WHAT THE TASK ASKS: What you need to produce from the material below is an exact transcription of the lines from the one with "東京都練馬区にある大泉橋戸公" through the one with "本次宿舍安全讲座旨在使同学们", both included, and no other line.

INFORMATION GIVEN:
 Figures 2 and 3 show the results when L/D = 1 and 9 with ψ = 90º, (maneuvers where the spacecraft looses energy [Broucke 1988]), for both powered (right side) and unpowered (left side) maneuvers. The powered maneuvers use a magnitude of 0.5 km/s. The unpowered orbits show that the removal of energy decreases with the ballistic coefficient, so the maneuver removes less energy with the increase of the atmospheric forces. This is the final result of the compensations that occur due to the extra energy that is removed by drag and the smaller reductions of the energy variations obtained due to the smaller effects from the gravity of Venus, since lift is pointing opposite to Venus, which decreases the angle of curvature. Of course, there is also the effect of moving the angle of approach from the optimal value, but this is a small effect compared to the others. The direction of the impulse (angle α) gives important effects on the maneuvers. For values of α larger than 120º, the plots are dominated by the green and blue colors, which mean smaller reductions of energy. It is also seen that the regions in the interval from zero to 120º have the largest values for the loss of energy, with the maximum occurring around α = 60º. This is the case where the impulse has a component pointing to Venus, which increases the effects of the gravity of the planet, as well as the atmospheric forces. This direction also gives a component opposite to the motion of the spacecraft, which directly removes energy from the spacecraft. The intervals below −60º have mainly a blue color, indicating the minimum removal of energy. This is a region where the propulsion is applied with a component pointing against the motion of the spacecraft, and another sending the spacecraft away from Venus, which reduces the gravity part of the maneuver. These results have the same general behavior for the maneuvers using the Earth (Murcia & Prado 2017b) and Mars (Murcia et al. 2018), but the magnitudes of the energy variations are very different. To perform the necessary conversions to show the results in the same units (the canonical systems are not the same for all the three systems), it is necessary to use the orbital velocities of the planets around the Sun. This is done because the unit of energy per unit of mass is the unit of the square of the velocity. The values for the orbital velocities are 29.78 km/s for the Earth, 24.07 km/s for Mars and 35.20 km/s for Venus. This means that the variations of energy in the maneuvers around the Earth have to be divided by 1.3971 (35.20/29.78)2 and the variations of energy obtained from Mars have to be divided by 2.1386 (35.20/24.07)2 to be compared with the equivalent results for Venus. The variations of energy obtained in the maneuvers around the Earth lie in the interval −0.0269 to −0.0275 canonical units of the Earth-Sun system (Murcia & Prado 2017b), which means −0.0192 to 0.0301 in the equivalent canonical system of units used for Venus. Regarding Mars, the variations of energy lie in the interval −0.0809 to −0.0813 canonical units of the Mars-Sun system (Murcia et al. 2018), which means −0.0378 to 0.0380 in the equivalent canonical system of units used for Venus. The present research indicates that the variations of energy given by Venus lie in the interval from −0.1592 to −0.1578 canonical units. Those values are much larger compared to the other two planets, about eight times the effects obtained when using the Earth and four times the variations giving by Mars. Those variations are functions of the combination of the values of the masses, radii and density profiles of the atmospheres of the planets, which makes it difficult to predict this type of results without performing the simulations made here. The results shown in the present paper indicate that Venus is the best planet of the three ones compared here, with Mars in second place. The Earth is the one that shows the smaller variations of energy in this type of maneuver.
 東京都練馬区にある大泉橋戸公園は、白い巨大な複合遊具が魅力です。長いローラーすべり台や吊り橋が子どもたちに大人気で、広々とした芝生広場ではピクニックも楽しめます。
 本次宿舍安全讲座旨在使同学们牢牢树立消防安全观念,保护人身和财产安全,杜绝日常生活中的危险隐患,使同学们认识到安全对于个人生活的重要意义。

==

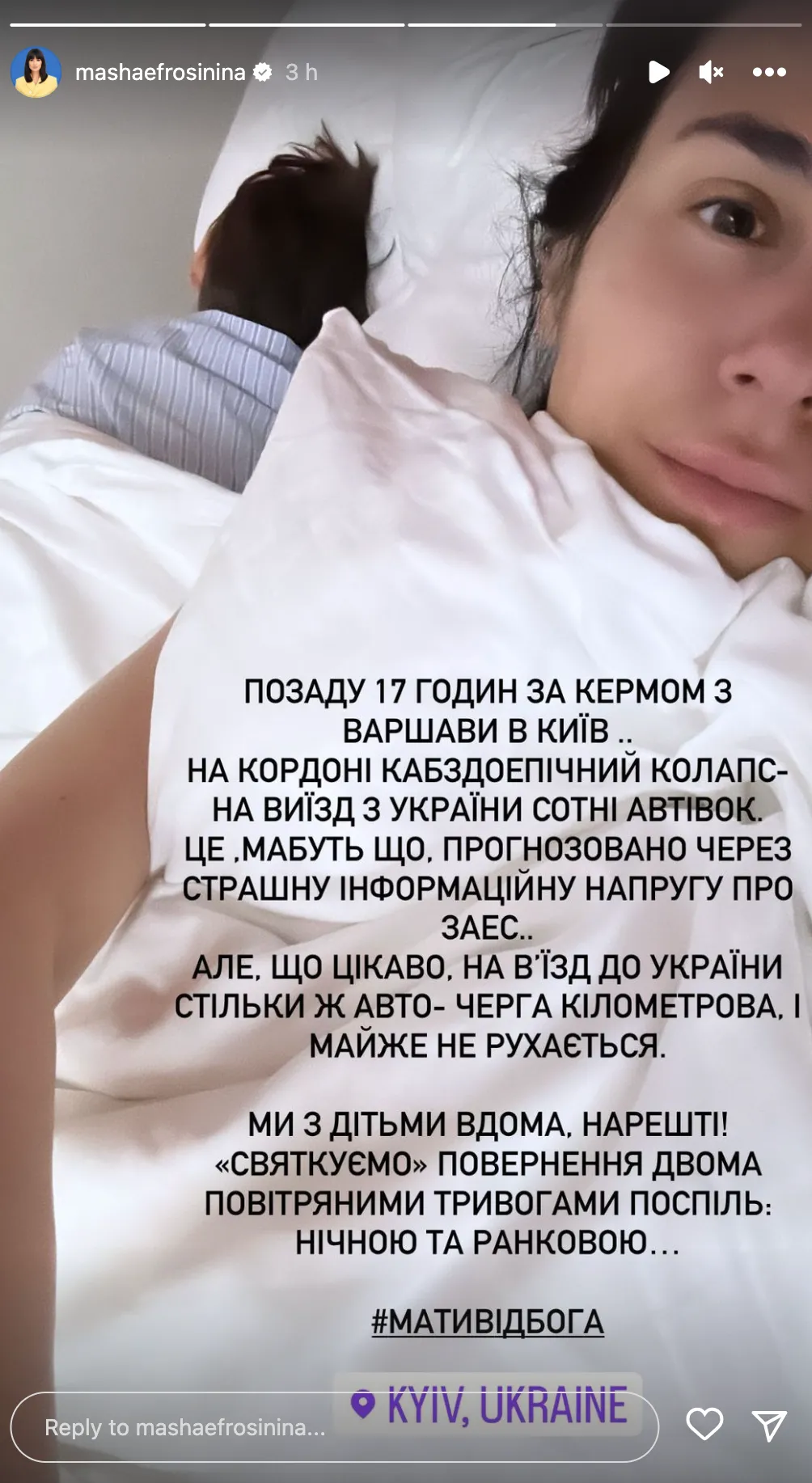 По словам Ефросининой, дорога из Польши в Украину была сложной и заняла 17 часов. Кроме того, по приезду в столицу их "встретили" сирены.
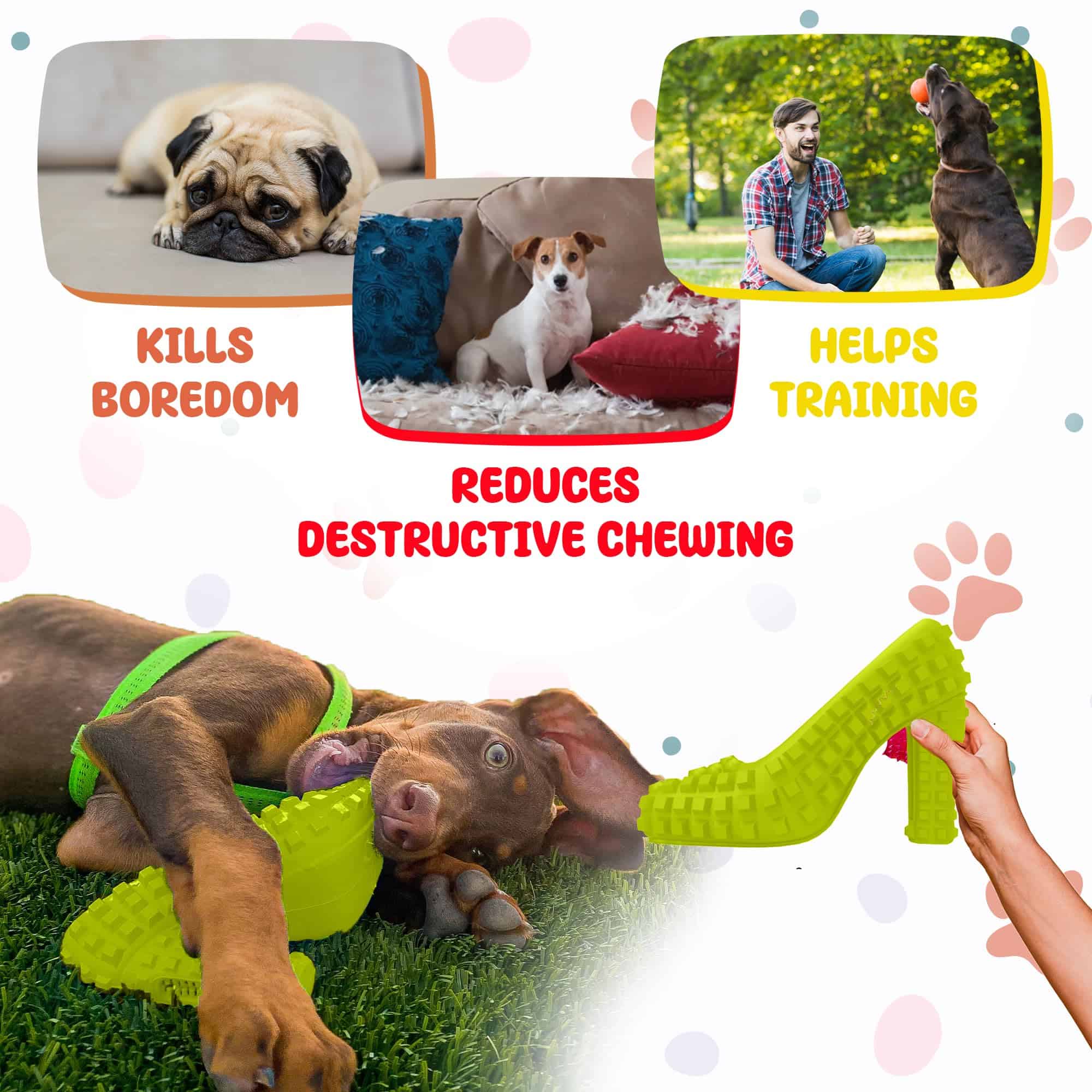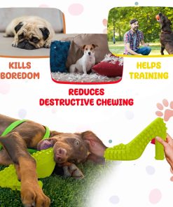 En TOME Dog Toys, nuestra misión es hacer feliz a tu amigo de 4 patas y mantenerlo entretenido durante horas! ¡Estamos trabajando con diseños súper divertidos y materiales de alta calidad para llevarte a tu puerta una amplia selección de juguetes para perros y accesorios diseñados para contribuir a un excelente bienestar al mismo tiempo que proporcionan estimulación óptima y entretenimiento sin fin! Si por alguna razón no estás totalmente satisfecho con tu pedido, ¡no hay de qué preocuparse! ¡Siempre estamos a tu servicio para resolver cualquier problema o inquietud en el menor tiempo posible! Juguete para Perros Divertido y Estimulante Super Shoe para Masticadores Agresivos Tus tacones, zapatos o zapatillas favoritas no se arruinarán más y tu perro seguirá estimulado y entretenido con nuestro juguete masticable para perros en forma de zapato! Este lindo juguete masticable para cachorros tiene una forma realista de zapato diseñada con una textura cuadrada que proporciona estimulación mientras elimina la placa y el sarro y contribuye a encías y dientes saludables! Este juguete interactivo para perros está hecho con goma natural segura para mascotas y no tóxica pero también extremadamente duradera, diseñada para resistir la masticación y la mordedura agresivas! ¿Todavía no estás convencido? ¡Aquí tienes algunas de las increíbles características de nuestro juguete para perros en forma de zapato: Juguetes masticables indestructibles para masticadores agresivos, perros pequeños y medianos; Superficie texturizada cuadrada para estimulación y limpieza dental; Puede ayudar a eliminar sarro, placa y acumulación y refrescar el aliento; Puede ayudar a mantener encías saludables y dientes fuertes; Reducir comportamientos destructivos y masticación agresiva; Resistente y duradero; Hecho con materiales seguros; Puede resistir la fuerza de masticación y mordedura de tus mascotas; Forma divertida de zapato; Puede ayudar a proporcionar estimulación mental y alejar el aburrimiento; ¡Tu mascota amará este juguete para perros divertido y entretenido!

SOLUTION:
 東京都練馬区にある大泉橋戸公園は、白い巨大な複合遊具が魅力です。長いローラーすべり台や吊り橋が子どもたちに大人気で、広々とした芝生広場ではピクニックも楽しめます。
 本次宿舍安全讲座旨在使同学们牢牢树立消防安全观念,保护人身和财产安全,杜绝日常生活中的危险隐患,使同学们认识到安全对于个人生活的重要意义。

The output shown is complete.